Nice colorful yarn. Did you spin roving or make rolags? Or is there a previous post that shows your yarn in progress?


----------



## nellig (May 10, 2016)

BirchPoint said:


> Nice colorful yarn. Did you spin roving or make rolags? Or is there a previous post that shows your yarn in progress?

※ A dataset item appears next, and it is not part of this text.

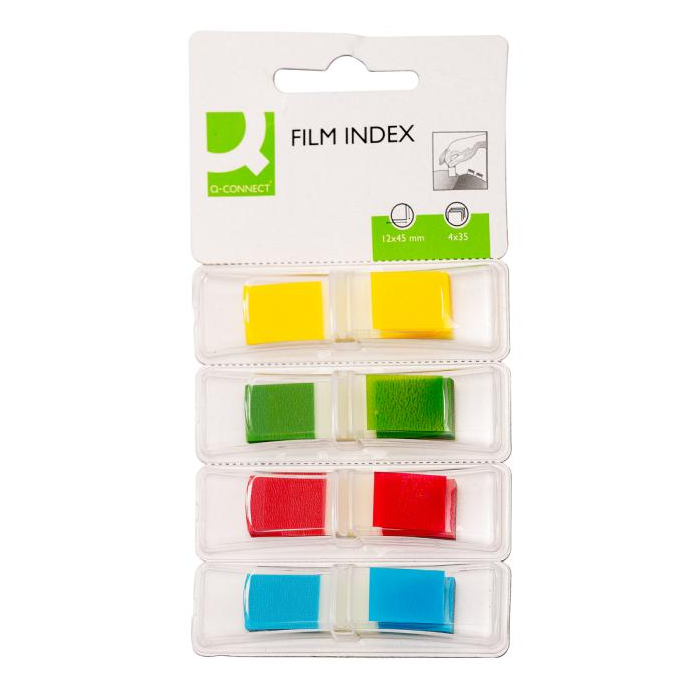Samolepiace fóliové záložky v zásobníku. Prelepiteľné a popisovateľné. Rozmery 12,5 × 43 mm. V balení 4 farby po 36 lístkov. Farba žltá, zelená, oranžová a modrá.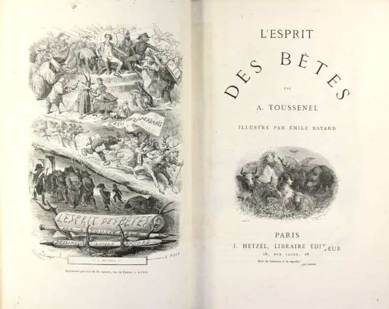 Où il est question, entre autres, des "bêtes insoumises à conserver" (sanglier, cerf, daim, chevreuil), des "ruminants des glaciers", des cétacés, des "bêtes à détruire" (taupe, musaraigne, hérisson,..) et des "bêtes puantes" (blaireau, renard, ours,..). Thiébaud 904].

These are previous posts. The first is the combed, unknown fiber. It was then blended on blending board and taken off as a roving. It was played with calif. var. mutant or CVM.


----------



## Lolly12 (Oct 10, 2012)

So pretty


----------



## Rita Rug (Mar 27, 2015)

the result is homespun goodness! I just love the colors you achieved.


----------



## BirchPoint (Feb 12, 2016)

Beautiful. Fun to see. It's a bit frustrating to not get every post to a topic. How much do I miss? (such as yours!)


----------



## FiberQueen (Aug 23, 2012)

Wonderful colors


----------



## Teardrop (Oct 23, 2011)

I love the colors. I also love the pattern. Is there a name for it or a link?


----------



## howesfam (Jun 24, 2011)

Lovely spin. Love the knitted piece


----------



## wordancer (May 4, 2011)

Sweet, that is the perfect stitch pattern for your yarn. Love hoe the color undulate across the row!


----------



## Hazel Blumberg - McKee (Sep 9, 2011)

The yarn is gorgeous, and so is the Old Shale pattern!

Hazel


----------



## ptober (Mar 24, 2011)

Well done. Beautiful colors- it has inspired me to take some of my small pieces of many colors and get creative!


----------



## Spooly (Oct 22, 2011)

Beautiful yarn. Old shale scarf looks like a wonderful choice for knitting up.


----------



## Goodshepfarm (Jul 20, 2014)

Beautiful yarn and perfect pattern choice for it. I hope you share a photo when completed. It's beautiful.


----------



## KnitterNatalie (Feb 20, 2011)

Really pretty yarn! I have a "Traveller" spinning wheel but haven't learned to spin yet!


----------



## shepherd (Feb 25, 2012)

yum


----------



## JuneB (Oct 10, 2014)

I love the color and choice of pattern nice job spinning


----------



## Cdambro (Dec 30, 2013)

Really pretty yarn and the pattern is perfect. The colors are very Monet-ish. Nice.


----------



## sockyarn (Jan 26, 2011)

Love the colors. Just right for Spring.


----------



## blawler (Feb 20, 2012)

Beautiful yarn and one of my favorite patterns. I appreciate you calling it by its correct name, too. Aloha... Bev


----------



## Alpaca Farmer (Jan 19, 2011)

Your yarn is beautiful and the Old Shale pattern just fits it.


----------



## Longtimer (May 23, 2013)

Lovely, lovely, lovely!


----------



## nellig (May 10, 2016)

Thank you all for your compliments. I am enjoying knitting the old shale pattern. It looks complex but it is so easy. Its been on my to do list for a long time. Finally, the right yarn and right stitch pattern came together.


----------



## Reba1 (Feb 5, 2012)

Oh my that is beautiful, the yarn and the pattern.


----------



## mama879 (Jan 27, 2011)

How pretty and a great way to use little bits and bobs love the knitting to. From fluff to knit


----------



## desireeross (Jun 2, 2013)

Knitting up beautifully


----------